[Start of Attachment]

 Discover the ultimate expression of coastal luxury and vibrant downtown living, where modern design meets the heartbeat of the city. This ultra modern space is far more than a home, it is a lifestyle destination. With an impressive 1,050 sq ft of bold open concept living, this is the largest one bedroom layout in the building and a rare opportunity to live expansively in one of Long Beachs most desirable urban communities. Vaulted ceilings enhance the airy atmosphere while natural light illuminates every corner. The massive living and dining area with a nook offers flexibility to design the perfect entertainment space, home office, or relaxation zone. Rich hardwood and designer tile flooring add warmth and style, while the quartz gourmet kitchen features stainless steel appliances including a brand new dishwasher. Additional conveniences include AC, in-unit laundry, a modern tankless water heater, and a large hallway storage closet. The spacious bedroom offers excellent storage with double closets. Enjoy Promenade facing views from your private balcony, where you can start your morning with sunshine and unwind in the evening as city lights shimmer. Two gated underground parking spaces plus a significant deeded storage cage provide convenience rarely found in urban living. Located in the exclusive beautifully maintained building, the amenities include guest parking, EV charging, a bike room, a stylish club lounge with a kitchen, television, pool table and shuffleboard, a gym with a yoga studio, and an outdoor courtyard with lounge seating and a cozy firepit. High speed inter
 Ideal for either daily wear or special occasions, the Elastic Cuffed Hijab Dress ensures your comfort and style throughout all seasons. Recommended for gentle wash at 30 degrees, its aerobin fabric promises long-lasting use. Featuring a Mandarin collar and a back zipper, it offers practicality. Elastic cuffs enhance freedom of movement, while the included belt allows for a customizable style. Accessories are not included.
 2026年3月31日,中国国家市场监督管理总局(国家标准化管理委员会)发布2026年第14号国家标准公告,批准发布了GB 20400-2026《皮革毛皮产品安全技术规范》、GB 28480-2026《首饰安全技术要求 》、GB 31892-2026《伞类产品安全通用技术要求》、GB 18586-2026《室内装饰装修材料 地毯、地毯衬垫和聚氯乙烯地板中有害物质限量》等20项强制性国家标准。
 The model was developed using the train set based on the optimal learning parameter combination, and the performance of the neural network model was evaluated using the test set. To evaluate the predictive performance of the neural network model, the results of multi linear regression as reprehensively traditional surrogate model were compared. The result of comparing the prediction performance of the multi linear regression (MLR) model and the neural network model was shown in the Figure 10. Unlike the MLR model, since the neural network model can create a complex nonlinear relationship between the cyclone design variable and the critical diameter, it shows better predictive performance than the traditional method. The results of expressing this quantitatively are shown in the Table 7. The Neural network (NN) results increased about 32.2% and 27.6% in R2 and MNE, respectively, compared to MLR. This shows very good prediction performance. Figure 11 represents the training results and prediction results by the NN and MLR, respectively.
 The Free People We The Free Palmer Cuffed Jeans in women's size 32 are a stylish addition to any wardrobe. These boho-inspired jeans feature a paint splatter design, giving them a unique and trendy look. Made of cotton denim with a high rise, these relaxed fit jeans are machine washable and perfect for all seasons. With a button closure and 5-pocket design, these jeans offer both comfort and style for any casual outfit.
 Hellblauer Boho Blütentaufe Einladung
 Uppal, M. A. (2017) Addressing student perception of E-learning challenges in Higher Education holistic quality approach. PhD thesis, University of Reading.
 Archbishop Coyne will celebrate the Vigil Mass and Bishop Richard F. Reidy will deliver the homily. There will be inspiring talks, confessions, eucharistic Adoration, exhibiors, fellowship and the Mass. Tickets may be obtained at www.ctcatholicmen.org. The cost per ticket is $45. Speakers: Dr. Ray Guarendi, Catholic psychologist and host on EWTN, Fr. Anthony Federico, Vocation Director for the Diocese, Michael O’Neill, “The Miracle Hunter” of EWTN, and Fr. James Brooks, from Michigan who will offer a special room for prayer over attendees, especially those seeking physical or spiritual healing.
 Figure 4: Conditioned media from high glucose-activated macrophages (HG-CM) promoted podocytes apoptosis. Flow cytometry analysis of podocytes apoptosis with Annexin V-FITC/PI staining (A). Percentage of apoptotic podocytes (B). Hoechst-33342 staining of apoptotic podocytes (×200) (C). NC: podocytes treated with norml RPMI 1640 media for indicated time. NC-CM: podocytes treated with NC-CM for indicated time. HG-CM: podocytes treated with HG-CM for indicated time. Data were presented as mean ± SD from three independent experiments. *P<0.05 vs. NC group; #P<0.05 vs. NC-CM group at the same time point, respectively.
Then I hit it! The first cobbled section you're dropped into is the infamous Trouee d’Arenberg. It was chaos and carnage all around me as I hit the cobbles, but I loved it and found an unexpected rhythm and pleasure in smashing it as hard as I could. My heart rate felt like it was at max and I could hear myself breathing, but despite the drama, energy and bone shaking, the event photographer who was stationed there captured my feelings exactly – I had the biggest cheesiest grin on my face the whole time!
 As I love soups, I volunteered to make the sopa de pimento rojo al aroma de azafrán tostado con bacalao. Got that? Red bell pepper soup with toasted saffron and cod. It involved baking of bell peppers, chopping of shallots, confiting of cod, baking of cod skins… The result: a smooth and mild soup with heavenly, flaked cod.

[End of Attachment]

How to complete this task:
Please give all of the entries again, exactly as written.

Exercise solution:
 Discover the ultimate expression of coastal luxury and vibrant downtown living, where modern design meets the heartbeat of the city. This ultra modern space is far more than a home, it is a lifestyle destination. With an impressive 1,050 sq ft of bold open concept living, this is the largest one bedroom layout in the building and a rare opportunity to live expansively in one of Long Beachs most desirable urban communities. Vaulted ceilings enhance the airy atmosphere while natural light illuminates every corner. The massive living and dining area with a nook offers flexibility to design the perfect entertainment space, home office, or relaxation zone. Rich hardwood and designer tile flooring add warmth and style, while the quartz gourmet kitchen features stainless steel appliances including a brand new dishwasher. Additional conveniences include AC, in-unit laundry, a modern tankless water heater, and a large hallway storage closet. The spacious bedroom offers excellent storage with double closets. Enjoy Promenade facing views from your private balcony, where you can start your morning with sunshine and unwind in the evening as city lights shimmer. Two gated underground parking spaces plus a significant deeded storage cage provide convenience rarely found in urban living. Located in the exclusive beautifully maintained building, the amenities include guest parking, EV charging, a bike room, a stylish club lounge with a kitchen, television, pool table and shuffleboard, a gym with a yoga studio, and an outdoor courtyard with lounge seating and a cozy firepit. High speed inter
 Ideal for either daily wear or special occasions, the Elastic Cuffed Hijab Dress ensures your comfort and style throughout all seasons. Recommended for gentle wash at 30 degrees, its aerobin fabric promises long-lasting use. Featuring a Mandarin collar and a back zipper, it offers practicality. Elastic cuffs enhance freedom of movement, while the included belt allows for a customizable style. Accessories are not included.
 2026年3月31日,中国国家市场监督管理总局(国家标准化管理委员会)发布2026年第14号国家标准公告,批准发布了GB 20400-2026《皮革毛皮产品安全技术规范》、GB 28480-2026《首饰安全技术要求 》、GB 31892-2026《伞类产品安全通用技术要求》、GB 18586-2026《室内装饰装修材料 地毯、地毯衬垫和聚氯乙烯地板中有害物质限量》等20项强制性国家标准。
 The model was developed using the train set based on the optimal learning parameter combination, and the performance of the neural network model was evaluated using the test set. To evaluate the predictive performance of the neural network model, the results of multi linear regression as reprehensively traditional surrogate model were compared. The result of comparing the prediction performance of the multi linear regression (MLR) model and the neural network model was shown in the Figure 10. Unlike the MLR model, since the neural network model can create a complex nonlinear relationship between the cyclone design variable and the critical diameter, it shows better predictive performance than the traditional method. The results of expressing this quantitatively are shown in the Table 7. The Neural network (NN) results increased about 32.2% and 27.6% in R2 and MNE, respectively, compared to MLR. This shows very good prediction performance. Figure 11 represents the training results and prediction results by the NN and MLR, respectively.
 The Free People We The Free Palmer Cuffed Jeans in women's size 32 are a stylish addition to any wardrobe. These boho-inspired jeans feature a paint splatter design, giving them a unique and trendy look. Made of cotton denim with a high rise, these relaxed fit jeans are machine washable and perfect for all seasons. With a button closure and 5-pocket design, these jeans offer both comfort and style for any casual outfit.
 Hellblauer Boho Blütentaufe Einladung
 Uppal, M. A. (2017) Addressing student perception of E-learning challenges in Higher Education holistic quality approach. PhD thesis, University of Reading.
 Archbishop Coyne will celebrate the Vigil Mass and Bishop Richard F. Reidy will deliver the homily. There will be inspiring talks, confessions, eucharistic Adoration, exhibiors, fellowship and the Mass. Tickets may be obtained at www.ctcatholicmen.org. The cost per ticket is $45. Speakers: Dr. Ray Guarendi, Catholic psychologist and host on EWTN, Fr. Anthony Federico, Vocation Director for the Diocese, Michael O’Neill, “The Miracle Hunter” of EWTN, and Fr. James Brooks, from Michigan who will offer a special room for prayer over attendees, especially those seeking physical or spiritual healing.
 Figure 4: Conditioned media from high glucose-activated macrophages (HG-CM) promoted podocytes apoptosis. Flow cytometry analysis of podocytes apoptosis with Annexin V-FITC/PI staining (A). Percentage of apoptotic podocytes (B). Hoechst-33342 staining of apoptotic podocytes (×200) (C). NC: podocytes treated with norml RPMI 1640 media for indicated time. NC-CM: podocytes treated with NC-CM for indicated time. HG-CM: podocytes treated with HG-CM for indicated time. Data were presented as mean ± SD from three independent experiments. *P<0.05 vs. NC group; #P<0.05 vs. NC-CM group at the same time point, respectively.
Then I hit it! The first cobbled section you're dropped into is the infamous Trouee d’Arenberg. It was chaos and carnage all around me as I hit the cobbles, but I loved it and found an unexpected rhythm and pleasure in smashing it as hard as I could. My heart rate felt like it was at max and I could hear myself breathing, but despite the drama, energy and bone shaking, the event photographer who was stationed there captured my feelings exactly – I had the biggest cheesiest grin on my face the whole time!
 As I love soups, I volunteered to make the sopa de pimento rojo al aroma de azafrán tostado con bacalao. Got that? Red bell pepper soup with toasted saffron and cod. It involved baking of bell peppers, chopping of shallots, confiting of cod, baking of cod skins… The result: a smooth and mild soup with heavenly, flaked cod.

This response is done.